# Data analysis and visualization with pandas


## Exploratory data analysis in Jupyter

 `pandas` is a more recently developed package for data manipulation and analysis 
 - powerful high-level tool for data exploration
 - two fundamental data structures which can be applied to many types of data: `Series` and `DataFrames`  
 - has support for missing data (NaN, NaT)

We will download and process a dataset on Nobel prizes. 

In [None]:
import numpy as np
import pandas as pd
import matplotlib.pyplot as plt
%matplotlib inline

pandas defines a `read_csv` function that can read any CSV file. By giving the URL to the file, pandas will automatically download and parse the file, and return a `DataFrame` object. We need to specify a few options to make sure the dates are parsed correctly.

In [None]:
# old dataset from http://oppnadata.se/en/dataset/nobel-prizes/resource/f3da8ba9-a17f-4911-9003-4bcef93619cc
# new dataset from https://ckan.oppnadata.se/dataset/nobel-prizes/resource/cafde48c-586d-4731-95f8-2e91091222d9
nobel = pd.read_csv("data/nobels.csv")

The `nobel` variable now contains a `DataFrame` object, a Pandas data structure that contains 2D tabular data.
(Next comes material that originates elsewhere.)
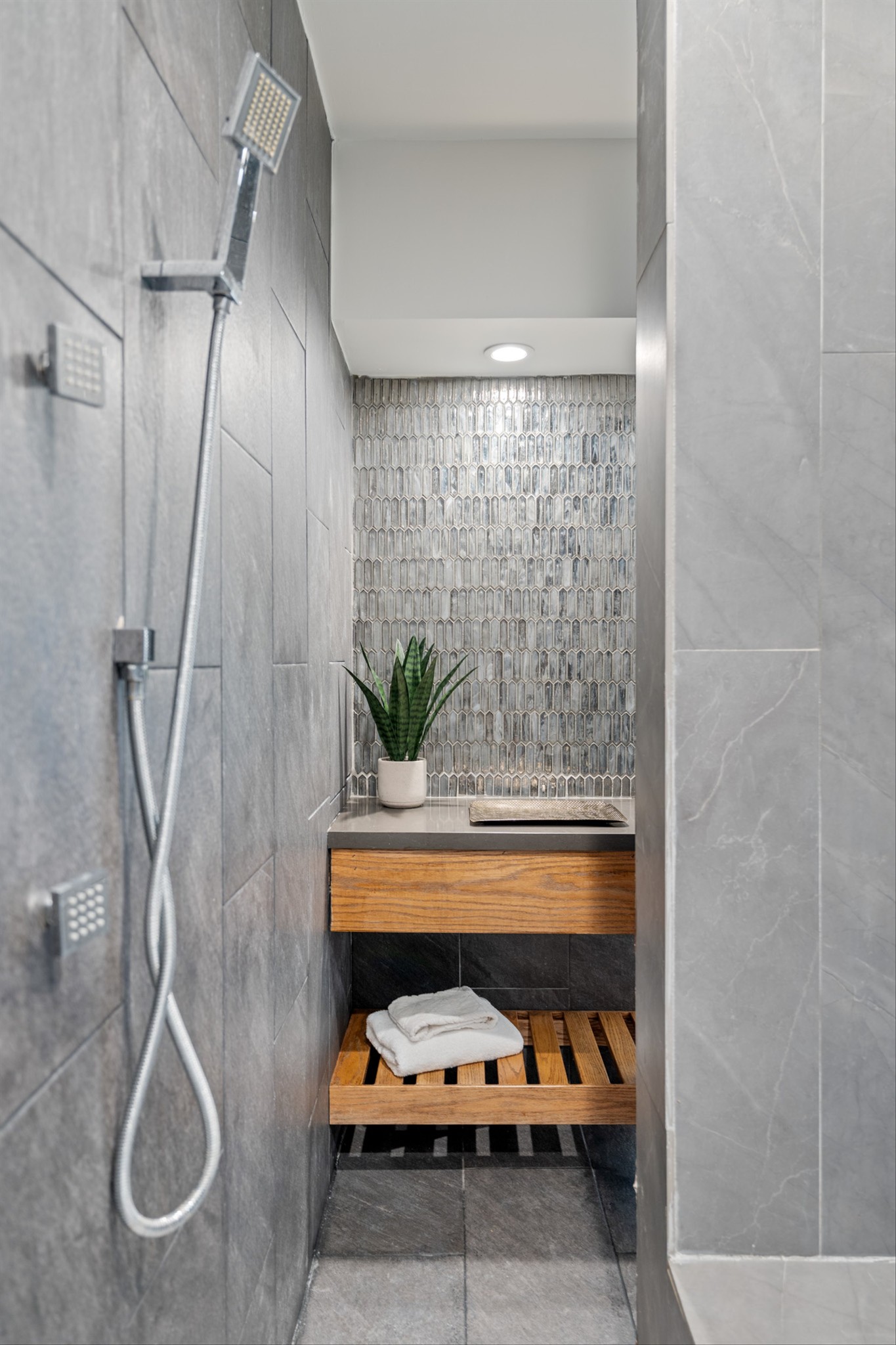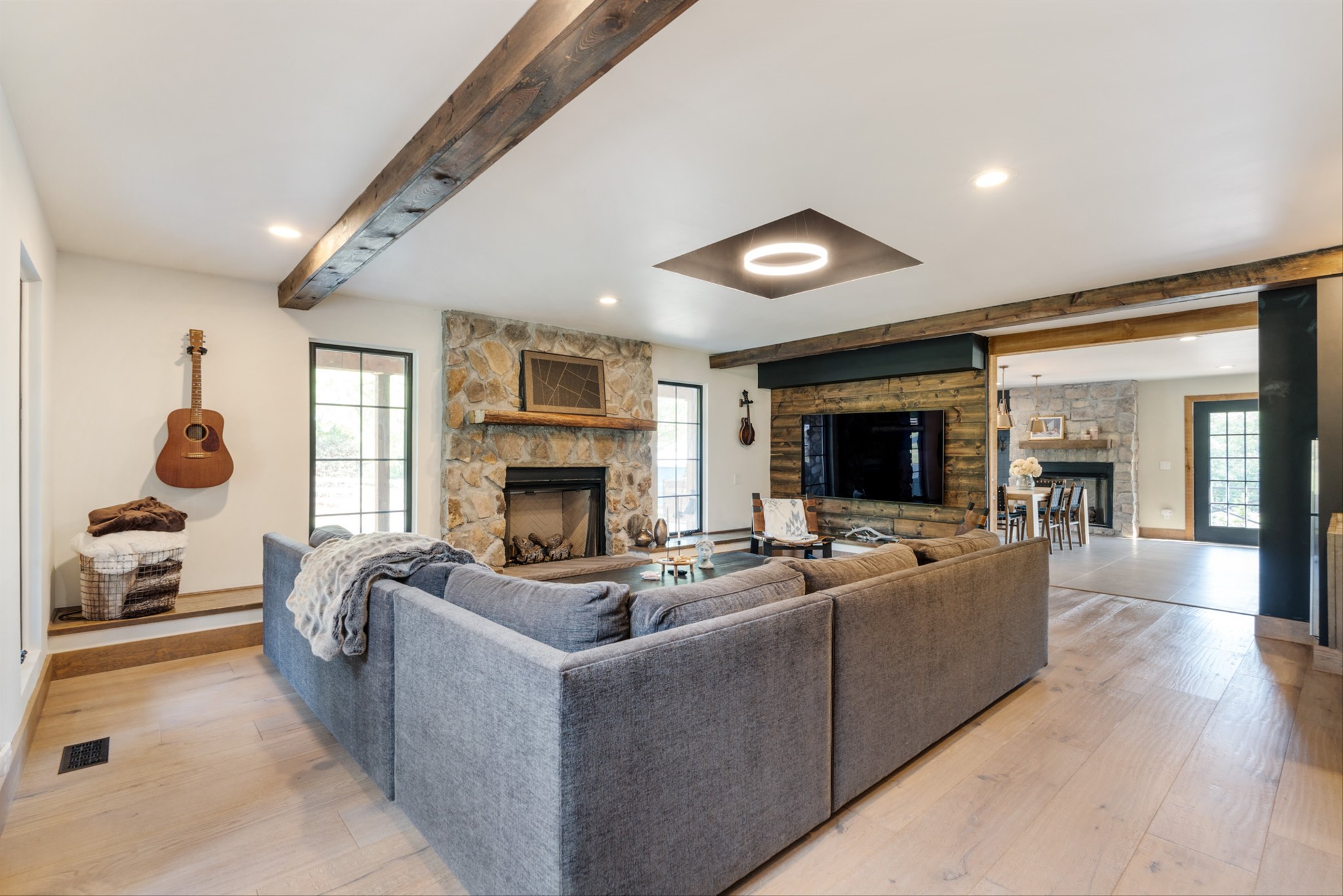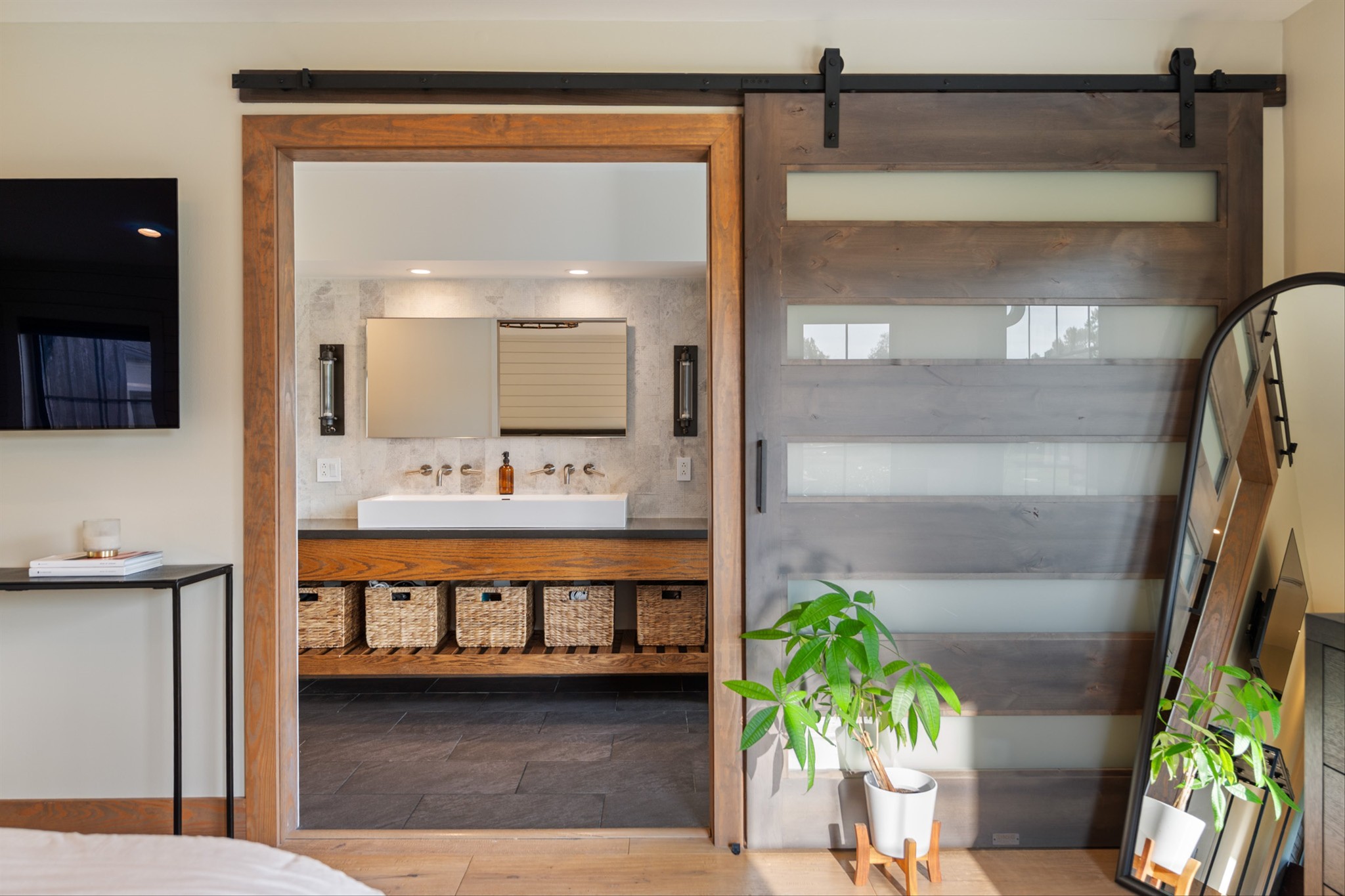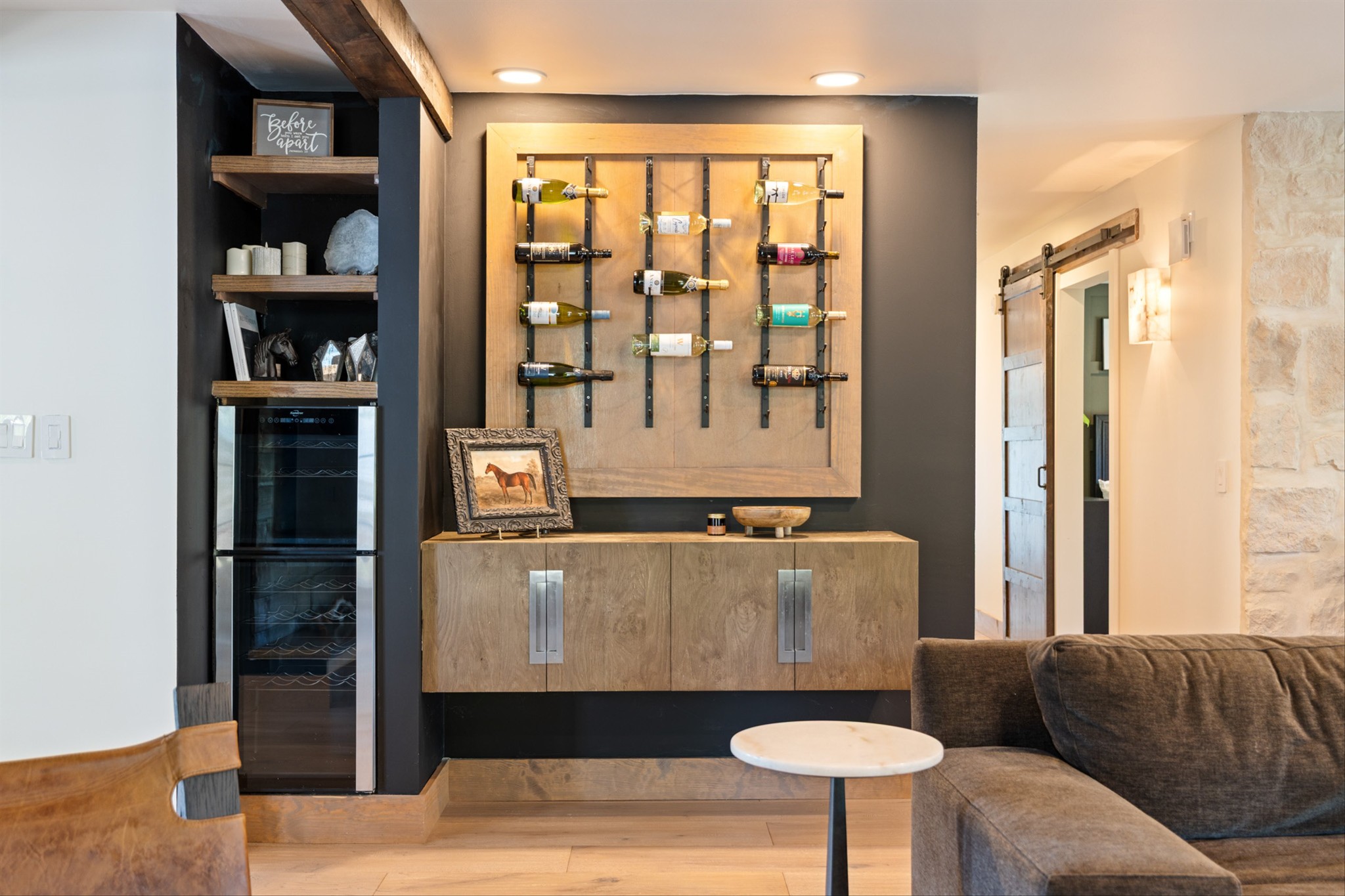 Step inside to a stunning layout featuring a private home gym with custom glass doors that open to the backyard, a separate corporate-style office, and a chef’s kitchen with a 6-burner gas range, custom waterfall coffee bar, and wine bar with dual refrigerators. Cedar accents, two gas fireplaces, and spa-inspired bathrooms with oversized rain-shower retreats add warmth and sophistication throughout.

The `head(n)` method displays the first `n` rows of this table.

In [None]:
nobel.head()

Each column (and row) of the `DataFrame` is a `Series`. Series can be accessed by their names as follows.

In [None]:
nobel["year"]

In [None]:
type(nobel["year"])

A Series object can produce statistical information about the datums in it.

In [None]:
nobel["share"].describe()

It's also somewhat smart about the contents of the data it sees so it can summarize non-numerical data as well.

In [None]:
nobel["bornCountryCode"].describe()

If you call a method on the dataframe like count, it will call the same method on each of the series.

In [None]:
nobel.count()

The dataset is clearly not quite complete, especially in the death statistics. Possibly because the laureates are still alive?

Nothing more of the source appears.